Monday, January 30, 2023

Beatitudes continued...

 


We continue to find our way through the Sermon on the Mount, prayerfully seeking ways these words might find a way into our minds, hearts, souls, and whole lives.  Last week, we let the words of the Beatitudes sink and settle and sing to our souls.  We noticed that while we usually think, “Blessing/Happy are those who are famous and have a fortune and thousands of followers,” Jesus says, “Um excuse me while I tear up that script of life and run it through the shredder.” Eek! 

 

I wonder how many people sitting at Jesus feet on the mountain turned to their partner and said, “Honey, I am outta here.  I’ll be in the car.”  Insert people stomping off and slamming the church door.  By the way, I know Jesus was outside and there was no actual door.  The words of the Beatitudes can be difficult and demanding to embrace and embody day after day.  Maybe that is why in Matthew 5:1, the writer has a distinction between the “crowd” and “disciples”.  How many people went up the mountain?  Are we willing to go up the mountain to not just listen to these words, but find ways to live them?  We recognize this is a spiritual summit. 

 

After Jesus upends the script of life, he draws a comparison between your life, my life, our life together and salt and light.  Jesus says when salt has lost its saltiness or zest-iness, you might as well toss and throw it out the window.

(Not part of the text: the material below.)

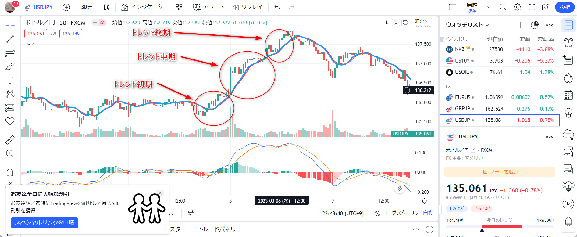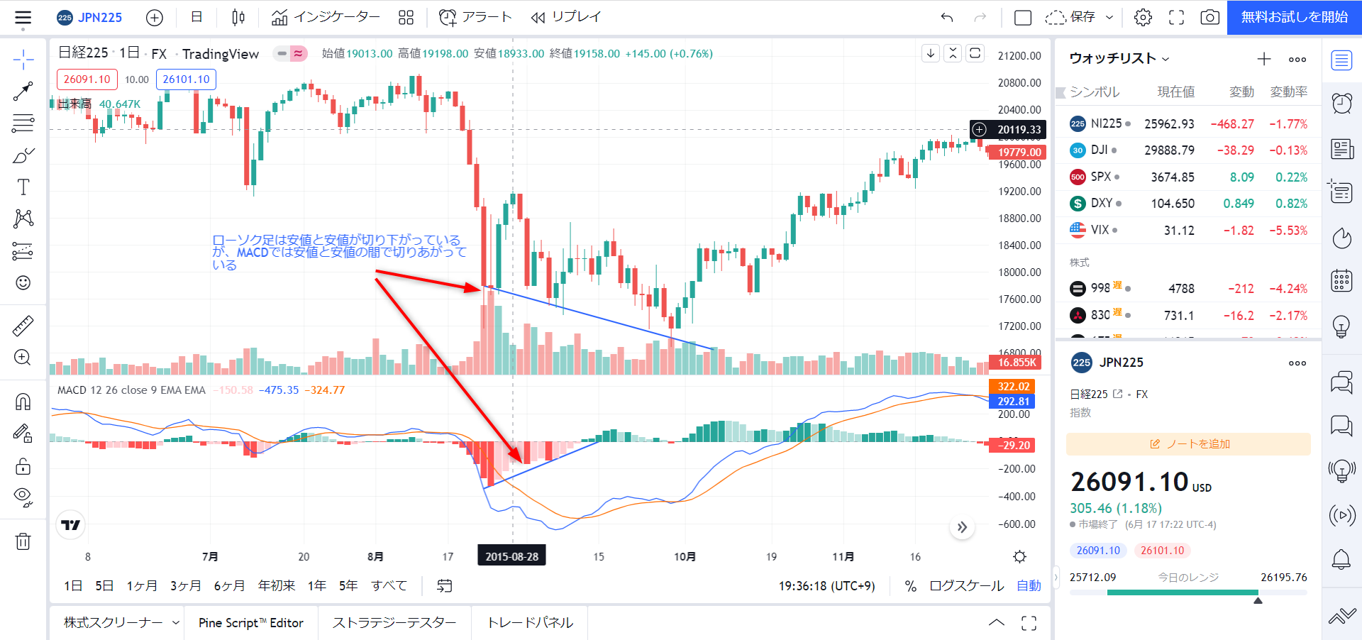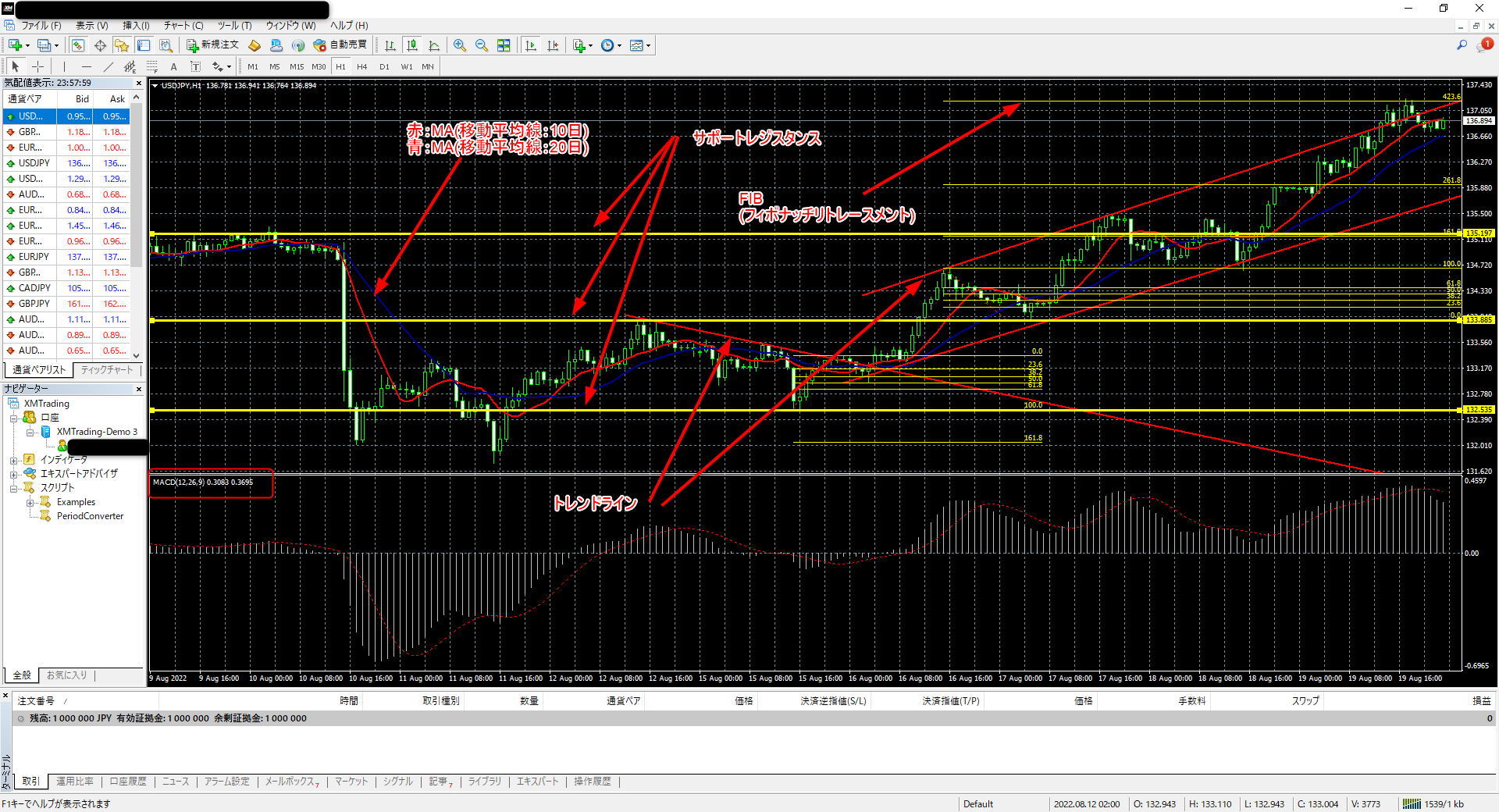 ここでは10日線、20日線を引きます。サポレジとして使いました。これについては主要な高値、安値に対して水平線を引くこともありますが、MAを使うことが多いです。

Here is the irony and contradiction, salt rarely loses its saltiness.  According to the Morton’s website, and they must be the authority because my grandparents bought Morton’s salt, salt doesn’t expire.  Sure if you add other chemicals to the salt..which means it is not longer really salt…it might lose some of the flavor.

 

Pause with me…what does it mean that you cannot lose your saltiness?  Or maybe we do lose some of our flavor when we end up adding too much to our lives?  What would it mean to live the truth that there is a zest-iness built and baked into your life because you are created in God’s image?

 

Wait…don’t race through that last question.  Try to answer that question right now and every day.

 

Jesus continues, that you don’t light a lamp and put a basket over it.  Of course not!  Did you learn nothing from Smokey the Bear…that could start a forest fire!  More to the point, for a lamp to be a lamp it needs to shine.  If that sounds familiar, that is an echo of Christmas Eve, when we centered around that truth that for a candle to be a candle, it needs to be lit. 

 

As we approach the threshold of turning the calendar to February, I wonder, what is adding zest or spice to your life right now?  What is adding flavor?  And where are you encountering light and where are you letting your light shine? 

 

One final thought has you ponder prayerfully those questions: salt and light are every day, ordinary, ho-hum things ~ true in Jesus’ day and true today.  So, when reflecting and responding to those questions, you don’t have to figure out some special or set apart moment.  This doesn’t have to be, “My vacation skydiving and running with the bulls in Spain is totally going to be salty.”  (By the way, that vacation itinerary just made my anxiety say, “No thank you”.)  You don’t have to think, my light is so brilliant and bold that I will inspire everyone around.  Most of the time, our precious ordinary lives offer a dash of salt (which is always enough) and a bit of light which can help illuminate the next right step.

 

Sit with these images of salt and light to consider ways you might embrace and embody these in beautifully ordinary ways this day.  Amen.